Физики редко становились хиппи: слишком велика была их роль в формировании сознания, поклоняющегося технологиям, особенно в части ядерных разработок, которому противопоставляла себя неформальная контркультура. Рассказывая о своем участии в Манхэттенском проекте, Фейнман теперь все чаще вспоминал, как взламывал сейфы и издевался над цензорами, выставляя себя бунтарем, а не амбициозным, эффективным лидером группы ученых. Решения тогда принимали другие — «люди из высших эшелонов», сказал он перед выступлением в Санта-Барбаре в 1975 году. «Мне не приходилось решать сколько-нибудь серьезных вопросов. Это всегда делал кто-то сверху». Едва ли он мог причислить себя к противникам технологий; не был он и врагом того, что теперь называлось военно-промышленным комплексом (несмотря на свою неприязнь к научной бюрократии). За все время работы в Калтехе он не подписал ни одного прошения о грантах, которые направлялись в федеральные агентства по финансированию, а ведь именно благодаря таким грантам существовала кафедра физики. И все же, выйдя из камеры сенсорной депривации, он смывал с себя соль, одевался и ехал в авиакомпанию Hughes Aircraft, к подрядчику Минобороны, где читал лекции по физике. Он перестал четко планировать время и лишь иногда проводил консультации в разных компаниях; так, он посоветовал руководству Hughes Aircraft запустить проект нейросети, спонсируемый Министерством обороны, а инженерам компании 3M дал рекомендации относительно нелинейных оптических материалов. За консультацию продолжительностью менее четырех часов он получал пятнадцать тысяч долларов. Это были случайные заработки, которые он выбирал, не особенно раздумывая. Многие его коллеги, работавшие консультантами, тщательно планировали свой распорядок и получали намного больше. А клиенты Фейнмана зачастую бывали рады всего лишь знакомству с ним; его личность приводила их в больший восторг, чем любые технические рекомендации. Он знал, что бизнесмен из него никудышный. Как и Гелл-Манн, он был самым высокооплачиваемым профессором Калтеха, но институт оформил на себя все роялти с «Фейнмановских лекций по физике». Однажды его старый друг Филип Моррисон прислал ему рекламу «Семнадцати великих лекций двух гигантов физики» производства компании Time Life Films. Фейнман спросил, получает ли Моррисон роялти, а потом сказал: «Я не получаю. Не иначе как гиганты физики — карлики бизнеса».

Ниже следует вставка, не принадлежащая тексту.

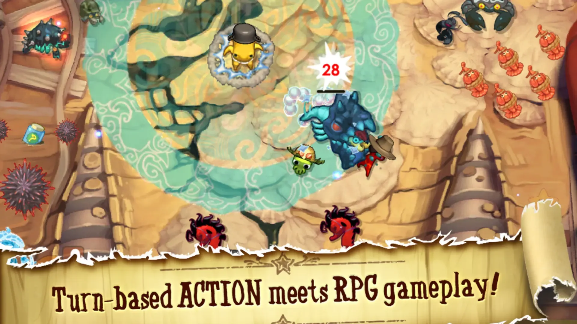Squids Wild West has a unique mix of action strategy and RPG: build your team of heroes for challenging turn-based battles against corrupted crabs and shrimp! This sequel is even better than the first game, with many surprises in store: devious new enemies, four new playable characters, and nearly twice as many levels.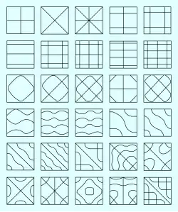 Bekannt geworden sind sie in der Experimentalphysik durch die Chladnischen Klangfiguren. Gezeichnete Knotenlinien wurden erstmals von Chladni im Jahr 1787 veröffentlicht,[3] der auch den naheliegenden Namen Knotenlinien prägte.[4] Grafik 1[5] zeigt Knotenlinien in bekannter Art, wie sie Chladni experimentell ermittelt und gezeichnet hat.

Его любимым местом отдыха в начале 1980-х стал Институт Эсален в Биг-Суре на побережье Калифорнии — центр разнообразных практик самоактуализации, саморазвития и самореализации, таких как рольфинг, гештальт-терапия, йога, медитация. Под гигантскими деревьями на утесах с видом на Тихий океан были оборудованы горячие ванны, подпитываемые природными серными источниками. Многочисленные гости могли релаксировать здесь за внушительную плату — получать «смазку для ума», по выражению Тома Вулфа. Фейнман описывал центр как рассадник антинауки: здесь царил «мистицизм, практиковалось расширение сознания, развитие осознанности, экстрасенсорного восприятия и так далее, и тому подобное». Он стал регулярным посетителем Эсалена. Расслаблялся в горячих ваннах, с улыбкой разглядывал полуобнаженных молодых женщин, которые загорали неподалеку, научился делать массаж. Прочел несколько стандартных лекций, адаптировав их под ментальное состояние аудитории. Босой, с худыми ногами, торчащими из шорт защитного цвета, он начинал свой захватывающий рассказ:

«Разговор пойдет о том, насколько микроскопической может быть машина. Вот наша сегодняшняя тема. Пока я сидел здесь в ванне, ко мне обращались с вопросами: “Крошечные машины? Что это вообще такое?” А я отвечал: “Ну, понимаете, они совсем малюсенькие”. (Зажимает невидимый предмет между большим и указательным пальцем.) Но меня все равно не поняли. (Пауза.)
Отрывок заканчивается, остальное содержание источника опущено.